И вдруг все это резко остановилось - бегущие мимо деревья, кусты, наплывающие каналом в просвете над дорогой.
Это резко затормозила машина.
И когда Артюшин разглядел впереди на дороге угрюмого зубра, то мысленно похвалил водителя за то, что тот моментально остановил машину, чтобы не тревожить зверя и чтобы позволить ему уйти в чащу. «Сейчас задний ход»,- так же мысленно подсказал он водителю, и водитель тотчас повел машину тихим задним ходом.
Сколько раз Артюшину за эти два года службы на лесной заставе приходилось вот так сталкиваться на глухой дороге с властелином Беловежской пущи, и всегда зубр, если его не беспокоили, уходил прочь,
А теперь же зубр упрямо двигался на них, и уже совсем близко была его косматая, заросшая морда. Артюшину даже показалось, что он услышал тяжкое дыхание зверя.
Двигаться задним ходом, или стоять на месте, или уводить машину в сторону от дороги - все это было бы ненадежным выходом, потому что зубр уже легкой трусцой приближался к машине, и Артюшин вмиг почувствовал, чем грозит вот такая встреча с зубром, который, как помнилось Артюшину, с места перемахивал полутораметровую изгородь, с места же набирал оленью скорость.
Только потом, когда машина, круто вильнув, обошла рассерженного зубра и на предельной скорости понеслась от устремившегося вдогонку зверя, Артюшин вновь мысленно похвалил расторопного водителя. И хотя зубр все еще не отставал, можно было не опасаться, можно надеяться на водителя и на его машину.
Так, на большой скорости они прокатили немало, и когда тяжелый зверь, бежавший следом так легко и быстро, затерялся позади в пуще, в своих владениях, Артюшин и водитель переглянулись как счастливые, удачливые охотники, и расхохотались оба.
И, остерегаясь оглядываться назад, подобно водителю, все еще возбужденный, он подумал о том, что жизнь в пуще, служба на лесной заставе каждого пограничника сделает по-охотничьи смелым, находчивым, чутким. Тут доверяйся слуху и зрению, лови каждый шорох, тут будь таким настороженным, как те двое с его заставы, которые были в наряде, шли вдоль просеки и успели уловить неслышные, казалось, движения охотившейся за ними рыси!

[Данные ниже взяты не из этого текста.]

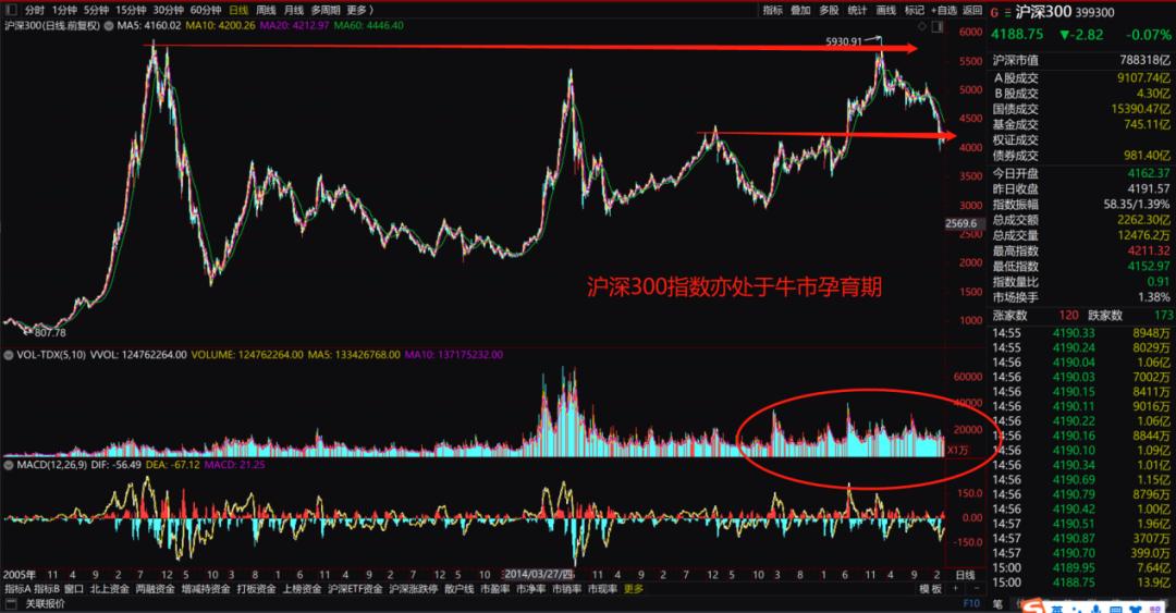 综上,笔者看来,目前就A股整体趋势而言,三大指数均处于牛市孕育阶段。创业板指数成为牛市先行者,这一阶段的调整是牛市孕育期的出清阶段,而非泡沫破灭阶段。
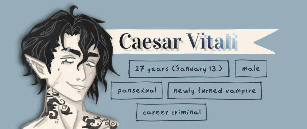 ![]() No one in their right mind would describe Caesar as buff. They would say scrawny if they were being nice about it, otherwise use a word that starts with an f, and ends with getting decked in the face. Having the narrow waist of a courtesan, and the long, elegant fingers of a pianist doesn't help his case either. But one does well not to underestimate Caesar's strength, which is paired with the skill of an experienced street fighter and the confidence of a lunatic. To the detriment of humanity as a whole, Caesar is quite aware of his own attractiveness, often mentioning it in unrelated conversation. His face defaults to a cocky grin so punchable, that it could provoke a nun to a shootout. But these smiles never seem to reach his eyes. His hair is an oily-black mess, perpetually looking like Caesar just got out of the shower. In contrast, Caesar himself is about as pale as one gets. He avoided the sunlight like the plague even before his... unfortunate condition. His skin is crisscrossed by scars, the ones on his face, for instance, are from an incident when his opponent brought a knife to a fistfight. The scars are occasionally intercepted by patches of elaborate ink-patterns; Caesar has tattoos pretty much all over his body: on the side of his neck, on his shoulder, back, both of his arms and even on one leg, starting from his ankle, crawling up to his hip. They are all nonfigurative, with no meaning, he just thinks he looks hot with them, and he is right. He got piercings—two in one ear, one in the other and one in the right eyebrow—for the same reason. |
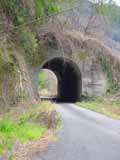 | 立川渡から山越えの国道旧道に入って、道路沿いにある。天辻トンネルは、この滝を過ぎたあとに見えるそうだ。五新線跡を探索した人のサイトには、立川渡バス停から徒歩30分とのこと。 |

Теперь, когда встреча с лесным царем взбудоражила и еще раз подсказала, каким постоянно собранным надо быть на границе в пуще,- теперь он вспомнил о других тихих прирученных детях пущи - оленях Яшке и Машке. Прошлой весной рядовые Алексей Синицын и Владимир Шурасьев, возвращаясь из наряда, увидели запутавшегося в проволоке олененка. Олененок только что изранился о проволоку, так что еще не успели прибыть пограничники оттуда, с заставы, где уже, конечно, приборы подали тревожный сигнал. Не сговариваясь, Синицын и Шурасьев подобрали на руки олененка и понесли на заставу. А там уже оказался еще один олененок, которого нашел в лесу в этот день рядовой Николай Цыгулев, водитель машины. Оба они были изранены, и обоих стали отпаивать молоком, смазывать, раны зеленкой, стали пограничники то и дело заглядывать в конюшню, куда поместили осиротевших животных. Так и вошло в привычку: досматривали коней - досматривали и оленят. И вскоре оленята стали на ноги, а привыкшие к этим детям пущи пограничники полагали: ну, теперь дадут стрекача… Но шли веселые солнечные дни, зацветали лесные цветы на грани весны и лета, потом кружил над землею желтый лист, а подрастающие олени не покидали заставу. Так привязались Яшка и Машка к парням в гимнастерках, что даже в наряд сопровождали их, особенно если уходили на охрану границы Синицын и Шурасьев. И поначалу пограничники, отправляясь в наряд, пытались отогнать Яшку и Машку, чтобы те не оставляли следов на контрольно-следовой полосе, а потом поняли, что никак не совладать с ручными оленями, и поняли еще, что идти в наряд с ними даже удобно: чуткие животные, уши у них тотчас настораживаются, если где-то в чаще человек, собаки или кабаны…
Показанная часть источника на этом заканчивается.